Year Released: 2007
MPAA Rating: Unrated
Running Time: 80 minutes
Click to Expand Credits:
2007 SXSW 24 BEATS PER SECOND DOCUMENTARY FEATURE! Most fans of punk music know the story of the Gits, but for those of you who don’t, here’s a recap: formed at Antioch University in the late ‘80s, the Gits (named, Toad the Wet Sprocket-like, after a Monty Python sketch) moved west to seek their fortune, settling in Seattle and living the boho lifestyle in a run-down house, working minimum wage jobs while practicing and playing local gigs.

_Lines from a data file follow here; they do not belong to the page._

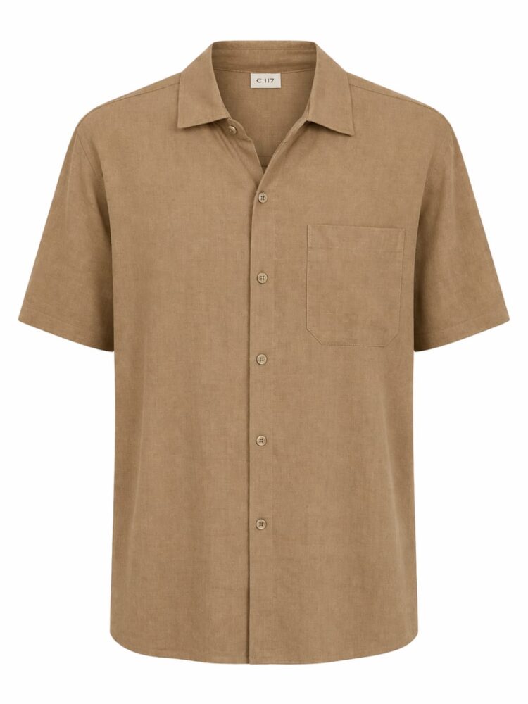 Camisa de manga curta em linho. Com bolso no peito, botões frontais e um corte descontraído, garante leveza, respirabilidade e elegância natural. Um essencial de verão, versátil e sofisticado para qualquer ocasião.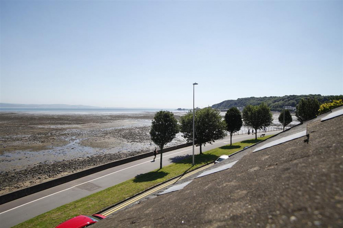 - Bedroom 1: king size bed, fitted mirrored wardrobes, a dressing table and a flatscreen TV on the wall with views out to sea and towards Mumbles Pier.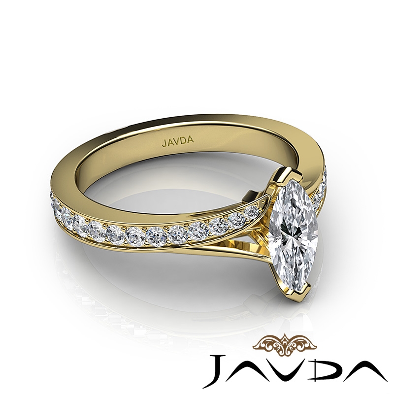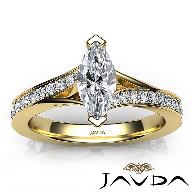 Marquise Diamond Engagement Pave Setting Semi Mount Ring 18k Yellow Gold 0.35Ct - javda.com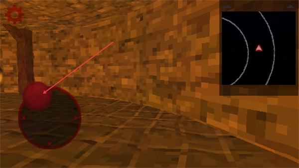 3、进入游戏场景后,通过操作界面的红色操控球控制角色移动,同时参照右侧小地图的指引推进场景探索进程。

Their growing popularity was due in large part to the lyrics and stage presence of singer Mia Zapata. A descendant of the Mexican revolutionary, Zapata’s songs were heartfelt, stirring, and brought a tincture of the blues to their punk sound. She was hugely popular on the scene and viewed with affection by virtually everyone who knew her.
In the summer of 1993, the Gits were planning a major tour and poised to enjoy the breakout success their fellow Washingtonians Nirvana and Pearl Jam were seeing. It was therefore a tremendous shock to the community and the punk scene as a whole when Zapata was raped and murdered walking home from a bar one night.
The effects of her killing resounded beyond the Seattle scene, as fans and fellow musicians organized benefits and – unhappy with the Seattle police’s progress – hired a private investigator to find her killer. Years passed, leads grew cold, and the Gits went on to reform under another name with a different singer, but Zapata’s murder continued to cast a pall over the scene.
“The Gits” is a treasure trove for the many fans of the band’s music who never got the chance to see them live. Director Kerri O’Kane has assembled an impressive amount of concert footage to complement the interviews with the surviving Gits, other local bands (7 Year Bitch, D.C. Beggars), and her family members. Watching the movie, one understands why the unassuming Zapata was held in such high esteem. Unassuming and almost painfully shy, she was a touchstone for many involved in Seattle’s music scene. After hearing the music of the Gits again and seeing Zapata perform after all this time, one can’t help but feel sad for what could have been.
In 2003, a suspect was arrested in Zapata’s murder, and the doc ends not with a sense of closure or justice gained, but perhaps the possibility of finally being able to move on. “The Gits” is a stirring portrait of one of the great, largely unknown voices in music and how her loss is still felt to this day.